The AER’s annual state of the energy market, released yesterday, is one of the most comprehensive overviews of Eastern Australia’s gas and electricity systems going.
Covering two energy vectors and all aspects of the supply chain, it is hard to boil down to a few key messages. The most obvious one is change, as the AER notes the transition in the electricity system towards variable renewables, much of it on customers’ rooftops, and the challenges and opportunities this creates. By contrast, the gas market is still reeling from a key economic change – the introduction of international pricing as a result of the emergence of an export market that exceeds the existing domestic market.

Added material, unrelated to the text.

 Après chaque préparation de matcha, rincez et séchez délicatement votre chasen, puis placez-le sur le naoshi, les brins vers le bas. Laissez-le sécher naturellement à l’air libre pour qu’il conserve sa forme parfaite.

However, the snapshot of pricing trends is modestly positive from consumer perspectives, with most indicators trending down, albeit off the back of some eyewatering price rises over the last decade. The AER suggests this is due to a mix of both market factors and regulatory interventions.

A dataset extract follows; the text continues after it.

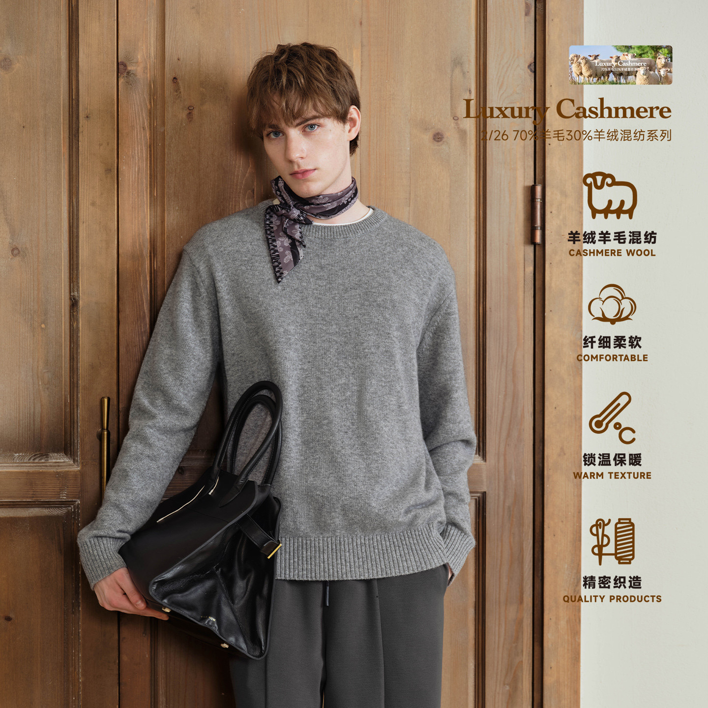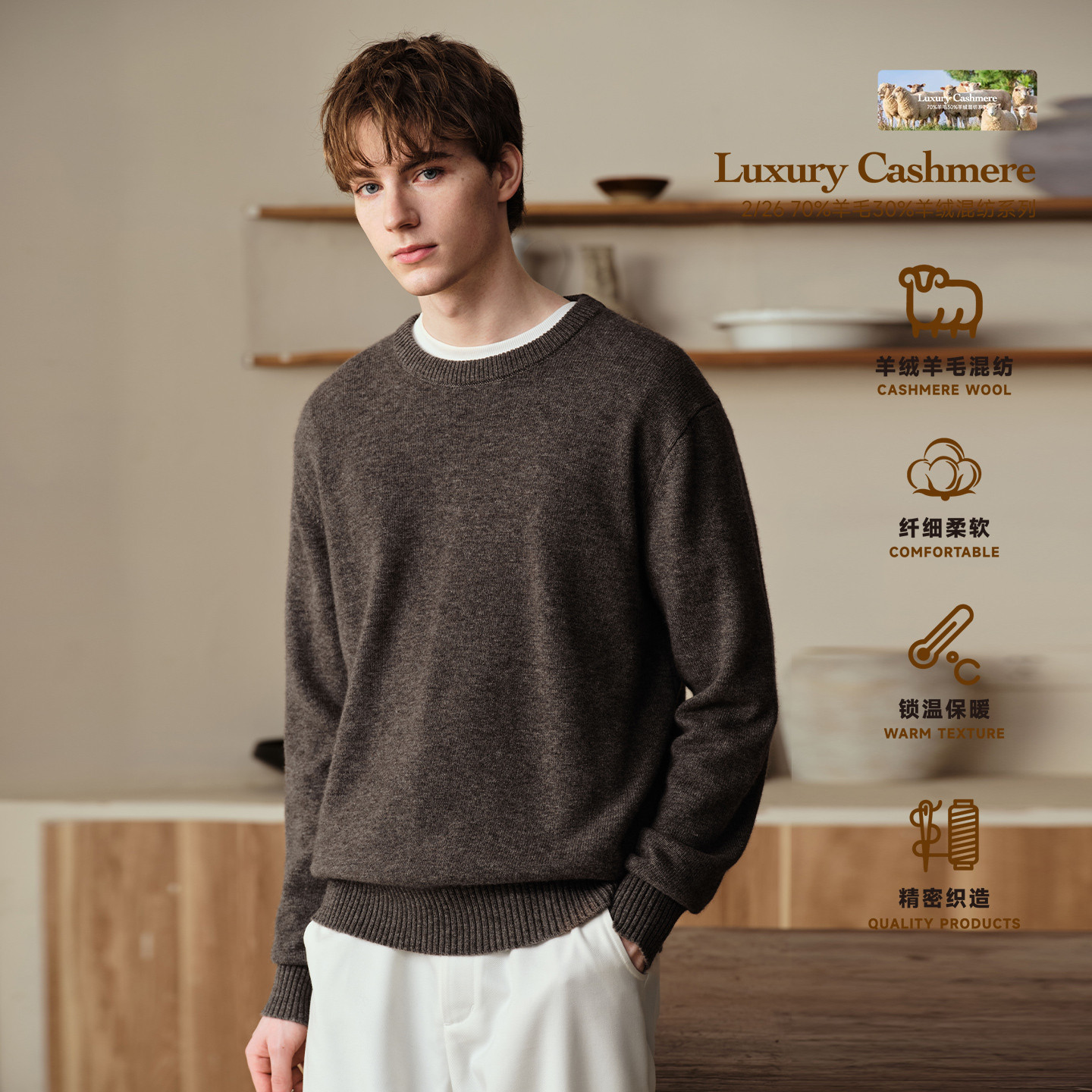淘TOPTIERBRO23AW德绒®羊毛混纺圆领毛衣男基础款保暖针织衫
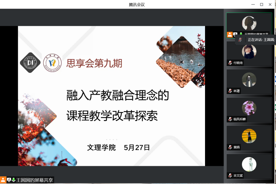 为深入推进落实产教融合新理念,不断创新基础课及通识课教学模式,助力提升应用型人才培养质量,文理学院于5月27日举行“融入产教融合理念的课堂教学改革探索”的教学思享会,文理学院院长朱泰英、直属党支部书记康秀珠、副院长吉文斌,教务处认证评估科科长付晓培,以及学院各课程团队负责人、骨干教师等参加本次分享会。

In the gas market, the key driver is market-based. Long-term export contracts are benchmarked against the oil price, while spot prices are based on the balance of supply and demand at any given time. COVID-19 has collapsed oil demand and thus the long-term price, while falling gas demand has softened spot prices. Accordingly the “netback” price (where an exporter is indifferent between selling overseas versus domestically) has fallen from $13/GJ in October 2018 to under $4/GJ in March 2020. However the prices customers paid are influenced by other factors including how easy and cheap it is to move gas around.
One frustration that gas market participants have found is that there may be spare physical capacity on a pipeline but if it is contracted to someone who is not using it at the time, it may not get made available to other parties. A recent reform has been to introduce secondary markets in pipeline capacity – both a voluntary trading platform and a compulsory auction of spare capacity. This has freed up flows and allowed more gas to flow north to south – i.e. into domestic markets in NSW and Victoria. The chart below shows total net flows with the additional flows generated by the capacity reforms in green
The AER estimates this has pushed down post prices in NSW by an average of $0.76/GJ over 6 months. The effect in Victoria is less but still downward. This outcome is a reminder that energy markets are rarely “natural” markets that simply emerge spontaneously to cerate mutual gains from exchange. They are rather facilitated market, where the rules of the market are largely created and enforced by governments ore regulators (albeit ideally with some industry input). Gas markets in Australia have historically had less direct intervention of this sort than electricity, but that is changing in response to the frustrations of customers -even if the reforms aren’t going as far or fast as many of them would like.